With direct access to the data and a wide range of analysis apps, physicians have the freedom to explore an unlimited number of questions. They no longer need to have meetings to pre-qualify their questions first, nor do they need to wait two months for another team to answer the questions for them. When a physician has a question, s/he can simply log in to the Tag.bio platform, pick a data node to analyze, select an analysis app, input some parameters, and hit “run.” The results are returned in seconds.

“Having on demand information completely changes the culture. I can’t imagine doing my job without the Tag.bio platform.”

– Jahan Fahimi, MD, PhD,
Director of Value Improvement at UCSF Health

Empowered to take ownership

The versatility and flexibility of our platform allows a number of teams and leaders throughout the organization to utilize different components and analysis apps. They now have ownership over the process of identifying opportunities for improvement and cost reduction.

Sample use cases

Some of the use cases that emerged are:

  • The financial team can track value improvement initiatives with exploratory analyses and longitudinal tracking
  • The population health management team can create custom cohorts of patients in various alternative payment groups to oversee the financial details of the cohort populations
  • A clinical pharmacy team can analyze high-cost medications throughout the organization to reduce waste and cost

“We are using Tag.bio to explore, confirm and evaluate care delivery using a variety of clinical, financial and operations data, including claims data generically.”

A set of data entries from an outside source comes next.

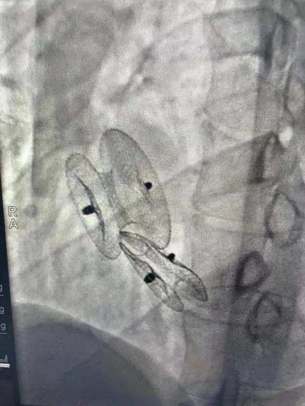 在詳細(xì)了解患者病情,仔細(xì)閱讀患者影像資料后,曾廣偉主任已經(jīng)有了清晰的手術(shù)策略。在精心的準(zhǔn)備和團(tuán)隊(duì)的配合下,曾主任順利的利用兩個(gè)封堵器對房缺進(jìn)行了封堵。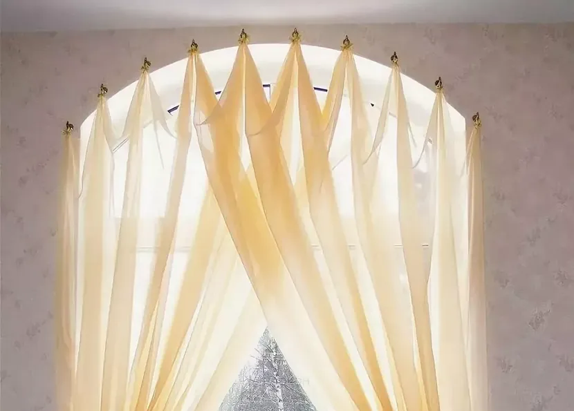 - Точечное крепление. Идеально подходит такой вариант на полукруглые оконные рамы. Условно занавески приклеиваются к стене над окном полукругом. Получаются тонкие красивые складки. Если рядом находится два таких окна, то шторы можно скрепить между собой с помощью декоративной ленты и сделать красивые симметричные подхваты.
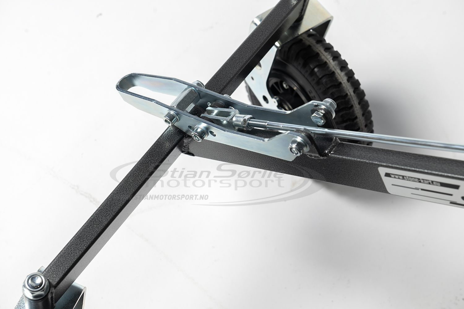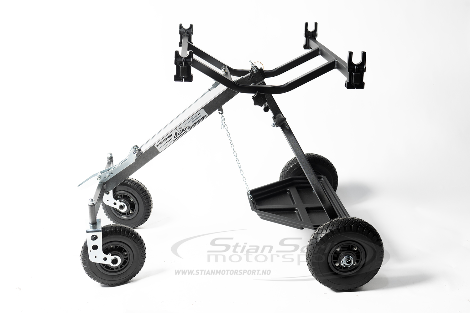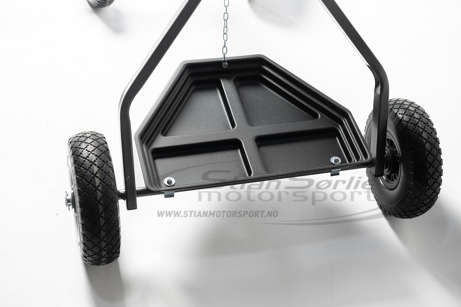 Tillverkad av stål, med stora solida polyuretanhjul med en vikt på 23 kg, kan den användas på alla CIK/FIA-homologerade chassin. Utmärkt stabilitet och hantering. Hela vagnen är förstärkt och har en lastkapacitet på 170 kg. Verktygslåda i plast medföljer.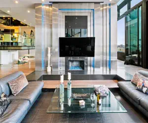 • On the lower level, you will find a sunken living room with a 25 ft stainless steel back lit by blue neon, a 75" HD LCD television for the whole family to enjoy, and floor-to-ceiling glass doors that open up to the back patio so that you can bask in the water views while feeling the sand between your toes. Not to mention the stained glass wall designed by a prominent New York artist whose work has been shown at the Met. A striking statement piece. Yes we have a professional massage chair for you to relax and watch our over-sized LCD TV. Enjoy the electronic fireplace that can change colors to your desire including full heat module.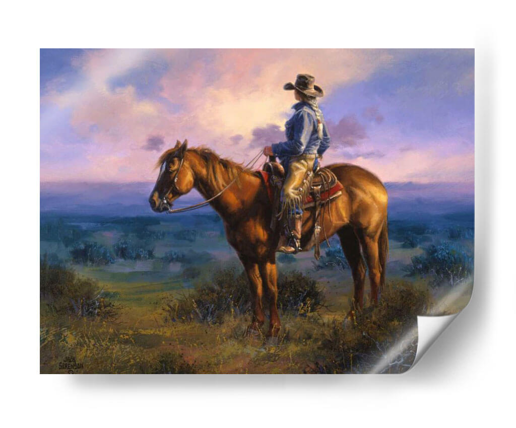 Sumérgete en la evocadora escena de "Un Lugar En El Sol" de Jack Sorenson, una obra de arte que captura la esencia del espíritu del Oeste americano. Este cuadro decorativo transporta al espectador a vastos paisajes abiertos, donde un jinete solitario a caballo contempla el horizonte al atardecer. La paleta de colores, dominada por tonos cálidos del sol poniente que se funden con los púrpuras y azules del cielo crepuscular, crea una atmósfera de paz y contemplación. El detalle en la figura del vaquero, su vestimenta y la majestuosidad del caballo, están representados con una maestría que invita a la admiración. La composición, con el horizonte lejano y la figura prominente del jinete, evoca una sensación de libertad, aventura y conexión con la naturaleza. Ideal para espacios que buscan un toque de carácter rústico y sereno, este lienzo transformará tu salón, estudio u oficina en un refugio de inspiración. Añade este cuadro decorativo a tu colección y deja que su narrativa visual te inspire cada día, recordándote la belleza de los momentos de soledad y reflexión en la inmensidad del paisaje.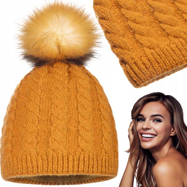 Majka Női Téli Sapka Női Beanie Őszi Téli Majka MézsárgaALLEGRO

– Ralph Gonzales, MD, MSPH,
Associate Dean for Clinical Innovation and Chief Innovation Officer Internist at UCSF Department of Medicine

Standardized approach to data analysis

With multiple teams using the same platform, cross-functional teams are able to standardize their approach to data analysis to help them speak the same language. The platform facilitates the sharing and communication of insights, allowing physicians to speak in common terms which previously didn’t exist before.

With a 360-degree view, physicians are able to make informed decisions on where to direct care, decrease costs, and increase revenue.

Model for other healthcare providers and hospitals

From the technology side, because we are fully compliant with UCSF’s security, we are able to use the security protocol as a model for other healthcare providers and hospitals.